[Dataset excerpts]

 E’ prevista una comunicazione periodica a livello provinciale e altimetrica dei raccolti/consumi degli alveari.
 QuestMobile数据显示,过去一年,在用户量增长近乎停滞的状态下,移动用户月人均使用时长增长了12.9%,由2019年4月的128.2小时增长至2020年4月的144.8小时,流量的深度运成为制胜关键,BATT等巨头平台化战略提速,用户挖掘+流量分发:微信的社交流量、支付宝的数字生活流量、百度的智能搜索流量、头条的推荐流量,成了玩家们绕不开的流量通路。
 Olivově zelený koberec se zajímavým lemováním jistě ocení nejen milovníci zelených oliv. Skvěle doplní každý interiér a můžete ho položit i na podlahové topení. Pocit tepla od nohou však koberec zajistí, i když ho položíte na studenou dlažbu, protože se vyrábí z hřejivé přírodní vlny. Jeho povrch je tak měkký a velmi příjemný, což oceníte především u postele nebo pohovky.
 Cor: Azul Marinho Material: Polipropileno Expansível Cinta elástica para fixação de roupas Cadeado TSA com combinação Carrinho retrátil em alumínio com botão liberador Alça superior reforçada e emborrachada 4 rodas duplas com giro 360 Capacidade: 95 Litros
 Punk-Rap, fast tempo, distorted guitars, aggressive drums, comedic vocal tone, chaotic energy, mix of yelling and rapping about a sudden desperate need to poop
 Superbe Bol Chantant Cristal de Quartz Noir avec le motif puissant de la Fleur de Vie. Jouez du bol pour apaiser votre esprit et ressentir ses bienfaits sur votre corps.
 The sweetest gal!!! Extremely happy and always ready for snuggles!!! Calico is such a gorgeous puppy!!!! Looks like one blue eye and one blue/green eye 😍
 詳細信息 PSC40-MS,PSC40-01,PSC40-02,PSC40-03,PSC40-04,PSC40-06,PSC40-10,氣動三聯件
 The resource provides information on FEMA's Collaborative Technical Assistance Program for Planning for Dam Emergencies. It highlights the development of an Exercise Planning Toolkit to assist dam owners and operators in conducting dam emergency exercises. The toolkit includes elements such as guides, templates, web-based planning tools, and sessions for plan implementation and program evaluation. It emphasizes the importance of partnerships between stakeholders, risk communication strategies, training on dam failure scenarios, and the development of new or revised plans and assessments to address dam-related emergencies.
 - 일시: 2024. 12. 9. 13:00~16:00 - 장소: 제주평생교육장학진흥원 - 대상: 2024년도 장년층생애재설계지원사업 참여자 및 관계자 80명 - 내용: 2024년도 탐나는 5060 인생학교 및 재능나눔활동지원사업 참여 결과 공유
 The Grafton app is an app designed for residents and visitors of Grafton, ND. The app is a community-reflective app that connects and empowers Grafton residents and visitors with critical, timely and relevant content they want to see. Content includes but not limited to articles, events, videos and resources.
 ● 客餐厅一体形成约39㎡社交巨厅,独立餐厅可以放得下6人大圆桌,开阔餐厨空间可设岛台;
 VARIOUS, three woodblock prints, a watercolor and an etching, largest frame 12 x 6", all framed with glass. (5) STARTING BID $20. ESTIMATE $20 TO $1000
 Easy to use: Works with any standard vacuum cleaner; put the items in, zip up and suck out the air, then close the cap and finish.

-- Required action --
Among the entries above, which lines include "includes"? List them all.

-- Task result --
 The resource provides information on FEMA's Collaborative Technical Assistance Program for Planning for Dam Emergencies. It highlights the development of an Exercise Planning Toolkit to assist dam owners and operators in conducting dam emergency exercises. The toolkit includes elements such as guides, templates, web-based planning tools, and sessions for plan implementation and program evaluation. It emphasizes the importance of partnerships between stakeholders, risk communication strategies, training on dam failure scenarios, and the development of new or revised plans and assessments to address dam-related emergencies.
 The Grafton app is an app designed for residents and visitors of Grafton, ND. The app is a community-reflective app that connects and empowers Grafton residents and visitors with critical, timely and relevant content they want to see. Content includes but not limited to articles, events, videos and resources.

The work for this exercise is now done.